On the other hand, other scholars such as Jürgen von Beckerath believe instead that Nebkaure reigned during the subsequent 10th Dynasty, possibly before Meryibre Khety.

Attestations
Like many of the kings who preceded or succeeded him, attestations of Nebkaure Khety are scant.

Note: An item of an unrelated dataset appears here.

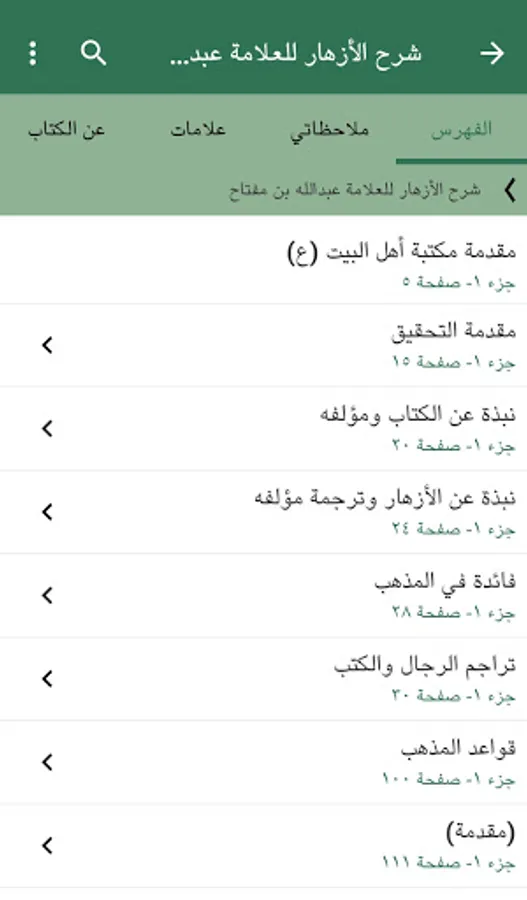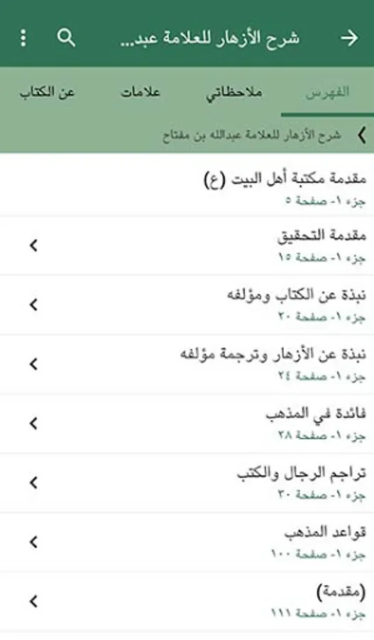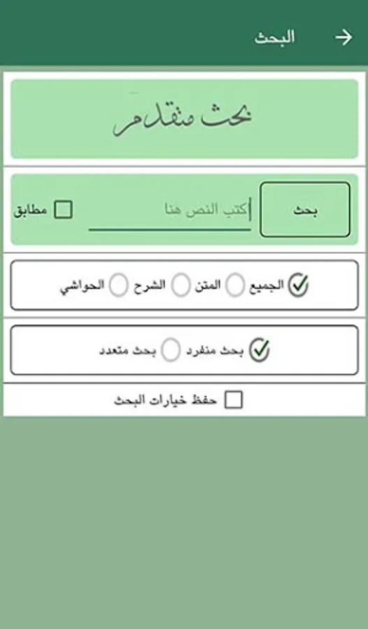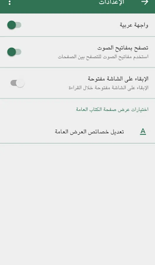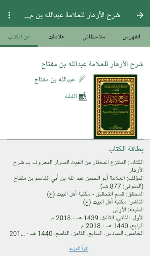 ▪ Browse the book directly and enter full screen mode directly and move between the pages of the book by sliding the screen left and right or through the volume buttons and the option to browse the book in voweled or unknoted.

On the Turin King List he was tentatively placed in the register 4.21. The only contemporary object bearing his cartouche is a weight made from red jasper which was unearthed by Flinders Petrie at Tell el-Retabah, a location along the Wadi Tumilat in the eastern Delta; this weight is now exhibited at the Petrie Museum (UC11782).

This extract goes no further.